Bonnie has taught at the elementary and middle school level and has a master's degree in Child and Family Studies.
Earthworms are Good for the Earth
Earthworms are the slimy, pink, wiggly worms you commonly see in the driveway or pavement after a big rainstorm. Many people use them as fishing bait, but the common earthworm is actually very important for the health of our environment.
Earthworms live in the ground and wiggle through the dirt making tunnels. These tunnels allow water, air, and nutrients to travel through the soil. Earthworms also eat the soil, which consists of organic material such as decaying leaves, animals, and plants. The worms digest this material and release it back into the ground. This material, known as castings, is a nutrient-rich food source that plants absorb to grow healthily. Other animals, including people, can eat these healthy plants. So you see, earthworms provide us with food!
Earthworms Have Many Functions
Earthworms are about seven to eight centimeters long. They look like small, simple creatures, but they actually do a lot of the things we do: they move, digest food, circulate blood, breathe, and reproduce.
If you ever peer closely at an earthworm you will see its body is made up of about 100 to 150 circular bands, or segments called annuli. Each segment has small, stiff hairs, which helps the earthworm move.
The digestive system includes the body parts to break down the food an animal eats. The first segment on an earthworm includes its mouth, but it has no teeth. So how does the worm chew its food? When the earthworm swallows its meal, the food makes its way to the gizzard. Tiny stones that were eaten by the worm churn in the gizzard to break down the food.
The circulatory system is important because it carries important nutrients and oxygen that the worm needs through the bloodstream. Blood travels in tiny vessels. There are five aortic arches, which are like tiny hearts that pump blood into the vessels to travel throughout the worm's body. This process delivers the nutrients the worm needs to live.
So far, earthworms are kind of like us: they eat food and digest it, and they also have blood pumping through their bodies like us. Earthworms also need to breathe, but unlike us, they don't have lungs - they breathe through their skin. This way they can get air when they're under the ground.

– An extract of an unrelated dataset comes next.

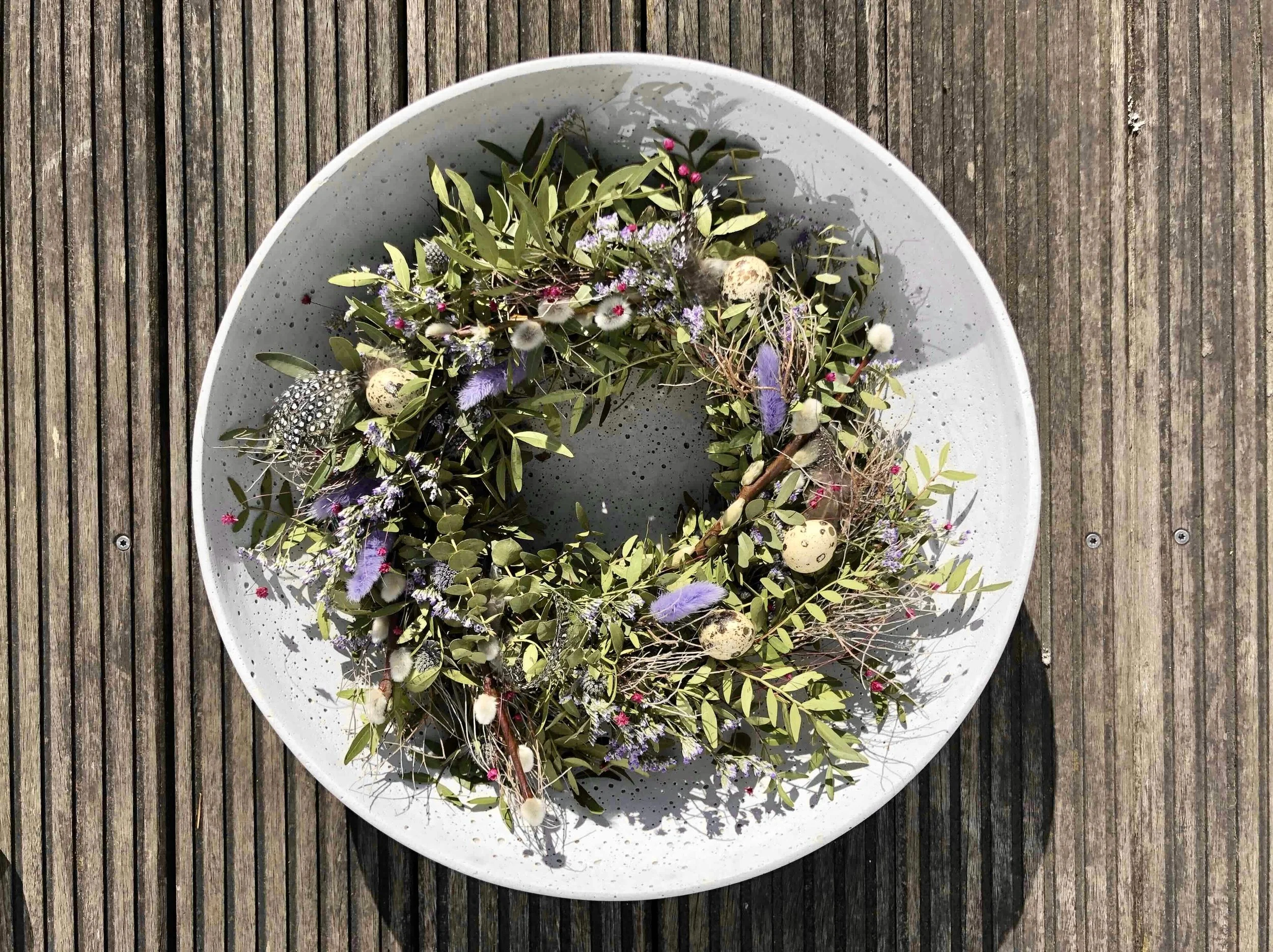 In diesem Frühlings-Workshop in Köln arbeitest du mit natürlichen Materialien, Blumen und dekorativen Elementen und gestaltest deinen ganz persönlichen Kranz.

Here is another way earthworms are NOT like us: they are neither male or female. They are both! Two earthworms mate by joining together and forming cocoons. Each worm deposits sperm and an egg into their cocoon and then back out of it. Each cocoon can contain one to five baby worms. The baby worms hatch out of the cocoon when soil conditions are good for their survival. They may even wait for years to come out!
Earthworms are important because they are good for the environment. Their annuli allow them to move through the earth, bringing oxygen and other nutrients down into the soil. Earthworms have no lungs, so they breathe through their skin.
The earthworm's gizzard breaks up organic matter from the ground and turns it into healthy soil that plants can grow in. These plants become food for other animals, including people. Earthworms are both male and female, and they mate by joining together and forming cocoons.